Author: D. Tirumala Rao, P. Rajesh Kumar, K. Raja Rajeswari

Category: Technology

Abstract:Doppler resolution is the ability to determine the relative speed of the target along the line of sight from the radar whereastheRange resolution is the ability of the radar receiver to discriminate nearby targets. The performance of range and Doppler resolutions of radar would be optimal, if the coded waveform has impulsive autocorrelation function (ACF).Complementary codes waveforms provide better resolutions compared to other pulses. A desirable property of the compressed pulse is that it should have low side lobes in order to prevent a weaker target from being masked in the side lobes of a nearby stronger target. When
the side lobes are relatively lower than the main lobe peak, the main peak can be distinguished in a better way and hence the corresponding code will be much better. In this we have proposed the PSO algorithm to design the complementary code for better performance measures like peak sidelobe ratio(PSLR) and integrated sidelobe ratio(ISLR) and compared with matched filter values. The performance measures influence in discriminating the target in the noise environment.

Keywords: ACF, PSO, PSLR and ISLR

DOI: 10.7324/IJCRR.2017.9228

Full Text:

Introduction

Complementary sequences, which have the property that the sum of their autocorrelation functions vanishes at all delays other than zero [1]. In the existing system of radar communication, the electromagnetic wave is being used for detection of targets in the radar receivers by extracting the received echo signal with the help of codes like Barker, Walsh and Golay codes to find the location and range of the target. But problem occurred i.e., high side lobes are here one occurred in some cases where they dominate the main lobe it causing False Alarm. In proposed system to avoid the side lobes or False alarm by using the new technique i.e., complementary codes are used instead of Barker, Walsh and Golay codes to to get nearer to zero side lobes which eases to find the target location and range of  radar[2].

 

Generation of Complementary Code Pairs

The generation of complementary codes is presented with a concept that sum of autocorrelation functions is double the length of the sequence for zero shifts and zero for other shifts. The energy efficiency of the sequences is found as unity or 100% [4]. The choice of the selection of the sequence in the case of complementary sequences is restricted to a few numbers of sequences.
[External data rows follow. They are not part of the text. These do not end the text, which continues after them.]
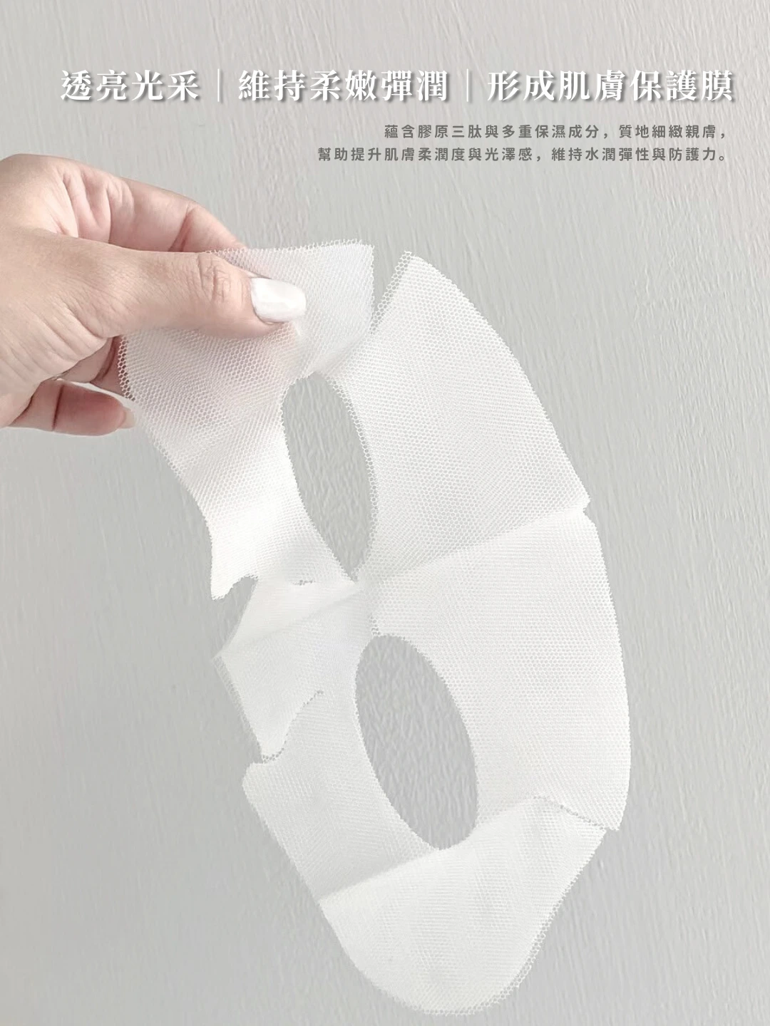 按壓至精華吸收後取下面膜,肌膚呈現水潤光澤狀態。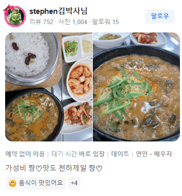 네이버 리뷰보다 카카오맵 리뷰가 더 신뢰가 가신다면, 아래에서 생생정보 가격파괴 why 추어탕 천하제일용천추어탕의 카카오맵 리뷰를 더 보실 수 있습니다.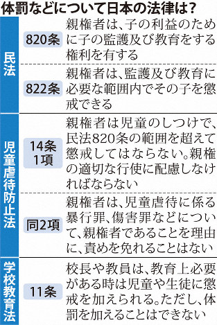 ![]() 2019.2.17毎日新聞 2013.3.2Yahoo 2015.12.26産経新聞 (図の説明:左図の民法822条、児童虐待防止法、学校教育法に書かれている“懲戒”の定義は不明だが、言葉が穏やかでないため教育目的のしつけに限るべきだろう。しかし、中央の図の“懲戒”の例には、①教室への居残り ②教室内に起立 ③宿題・清掃を課す ④遅刻した子を試合に出さない などが書かれており、右のグラフには、懲戒・体罰を行ったことで処分を受けた公立学校の教員が著しく増加した様子が出ているが、この“懲戒”は、教育目的に入る例も多そうだ。なお、中央の図で、体罰の例として挙げられているものは、言語によるコミュニケーションやディスカッションなど他の方法を使うべきだ) (1)心愛さん(10歳)のケース 千葉県野田市で、*1-1のように、10歳の娘を虐待して死亡させた父親が、“傷害”容疑で逮捕され、その暴行を止めずに共謀していた母親が傷害容疑で逮捕され、その虐待の様子は動画で撮影され父親の記録媒体に保存されていたというから、このケースは特に父親が異常人格なのであろう。そして、母親も子どもを護るという親の役割を果していないだけでなく、父親に協力して子どもを虐待しているのが変なのである。 心愛さん自身は、2017年9月以降に通っていた千葉県野田市の小学校で、「父親からいじめを受けた」「叩かれるなどの暴力を受けている」と訴え、野田市は2017年11月に学校からの連絡で虐待の疑いを確認して柏児童相談所は心愛さんを一時保護したが、家庭での養育が可能と判断して両親の元に帰してしまった。 その後、心愛さんは殆ど学校に来ておらず、休む理由も不自然で、心愛さんの体には日常的虐待をうかがわせる複数のあざがあったというから、それでも気付かなかったというのなら児童相談所(以下“児相”)は役割を果たせていない。これに関して、「忙しかった」という弁解は、結果の重大性から見て通らないだろう。 心愛さんは、2017年9月に沖縄県糸満市から千葉県野田市の小学校に転入し、そこで父親からの暴力を訴えて、柏市の児童相談所に一時保護された後、親族の家に預けられ、2018年3月上旬に自宅へ返されている。そして、柏児童相談所は心愛さんが自宅に戻ってから一度も面会しておらず、心愛さんが通っていた小学校の校長も、「担任の先生からあざやけがなどの報告はなかった」とし、家族関係はうまくいっていると認識していたとのことである。 野田市の警察は、野田市からの報告で心愛さんが保護対象であることは把握していたものの、「直ちに対応するべき案件ではない」と判断していたそうで、警察が被害者を守れずに死に至らしめるケースはストーカー事件など多く、これは日本の警察の人権意識の低さに由来する。 一方、沖縄県糸満市の記録によれば、一家は2009年に糸満市に転入して2017年8月まで住んでおり、市内に母親の実家があり、心愛さんは近くの小学校に1年~3年1学期末まで通っていた。容疑者から児相に直接電話があったのは2017年7月7日で、「祖父母が娘を返してくれない」という内容で、児相の担当者は「児相が支援できるか検討したいので来所してほしい」と求めたそうだ。この場合、糸満市の児相は、何故、祖父母が返さないのか、祖父母や心愛さんからも話を聞くのが当たり前だと考える。 しかし、沖縄県糸満市には、*1-2のように、母親へのDV被害等について聞き取った記録はなく、当時通っていた小学校では、母親へのDV情報は校長、教頭、担任の三者に留っていたそうだ。個人情報に当たるため、ちょっと相談したら学校中(もしくは町中)に知れ渡り、永久に記録に残るのではうっかり相談もできなくなるが、相談された人は責任を持ってアクションをとる必要があったと考える。 (2)結愛ちゃん(5歳)のケース 2018年3月に、目黒区で児童虐待によって結愛ちゃんが、*2のように、父親に虐待されて死亡した事件についても、両親は、5歳の子どもには無理なことを要求して虐待している。 2016年12月に香川県の自宅前で結愛ちゃんが唇から出血した状態で放置されており、児童相談所は一時保護したが、2017年2月には一時保護を解除して自宅に戻している。そして、2017年3月に再度放置され、児相が2度目の一時保護を行い、2017年4月に幼稚園を退園したが、2017年7月には一時保護を再び解除している。 2017年8月に結愛ちゃんが父親に蹴られたと病院が市に通報もしていたが、2018年1月に一家は東京に引っ越し、香川の児相から東京の児相にそれまでの経緯や情報を伝えていたにもかかわらず、結愛ちゃんは父親の暴行を受けて搬送先の病院で死亡した。 これも、異常なのは父親と母親であって結愛ちゃんではない。また、このように明確なケースでさえ子どもを保護できずに死亡させたのは、児相の役割を果たしておらず、途中で転居があったとしても弁解の余地はない。 (3)解決策は正しいか? *2には、「児童虐待数は25年間で約120倍に増えているが、里親や施設数は殆ど変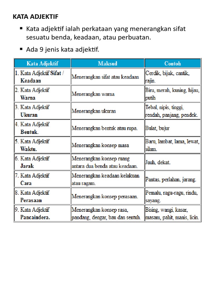 Nota Bahasa Malaysia Kata Sifat Adjektif I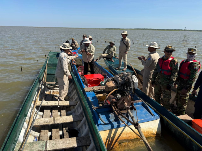 ថ្ងៃទី២៤ ខែមករា ឆ្នាំ២០២៦ ឯកឧត្តម ប៉ែន ផល្លីកា អនុរដ្ឋលេខាធិការក្រសួងកសិកម្ម រុក្ខាប្រមាញ់ និងនេសាទ តំណាងដ៏ខ្ពង់ខ្ពស់ឯកឧត្ដមរដ្ឋមន្រ្តី ឌិត ទីណា បានអញ្ជើញដឹកនាំក្រុមការងារជំនាញចុះប្រតិបត្តិការទប់ស្កាត់ និងបង្រ្កាបបទល្មើសជលផល នៅភូមិសាស្ត្រកដប ព្រំប្រទល់ខេត្តកំពង់ឆ្នាំង ពោធិ៍សាត់ និងខេត្តកំពង់ធំ។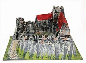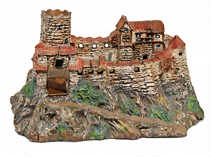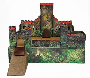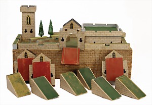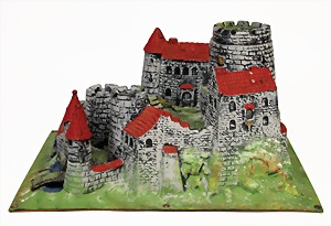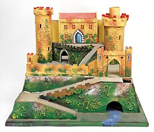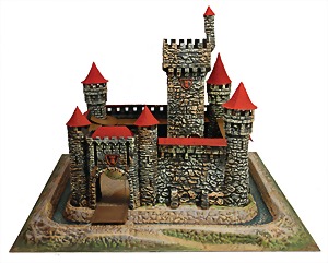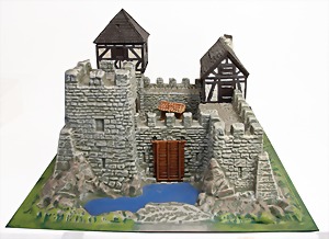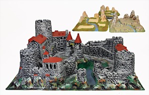 Elastolin, Kunststoff, gr. Burganlage mit Wassergraben, Grundplatte: 70 x 78 cm, Brunnen, Zugbrücke, Türme, Orig.-Kart. zu Burgaufbau zu 97945, sehr guter Zust.

The radar ambiguity function is the output of the matched filter which provides the information about how different waveforms may be suitable for various radar applications. The behavior of complementary sequences is studied in ambiguity domain[5]-[10].

Let

S=(x0,x1,x2,  ………..xn-1,)                        1

be a real sequence of length N.

Consider the following two subsequences as an example of a complementary code pair

S1 = {1, 1, 1, –1, 1, 1, –1, 1}                                                                         2

S2 = {1, 1, 1, –1, –1, –1, 1, –1}                                                                                     3

The ACF’s of the subsequences in (2.2) and (2.3) are respectively

r1(k) = {1, 0, 1, 0, 3, 0, –1, 8, –1, 0, 3, 0, 1, 0, 1}                                                       4

r2(k) = {–1, 0, –1, 0, –3, 0, 1, 8, 1, 0, –3, 0, –1, 0, –1}                                              5

Adding the two auto correlation functions together, element-by-element, generates the final decoded sequence, r(k)= r1(k) + r2(k) given by

r(k) = {0, 0, 0, 0, 0, 0, 0, 16, 0, 0, 0, 0, 0, 0, 0}                                                            6

A complementary code pair consists of two equal length subsequences with the property that the algebraic sum of the Auto Correlation Functions’ (ACFs) of the subsequences is zero expect for only one sample point (r (0)) as given in equation.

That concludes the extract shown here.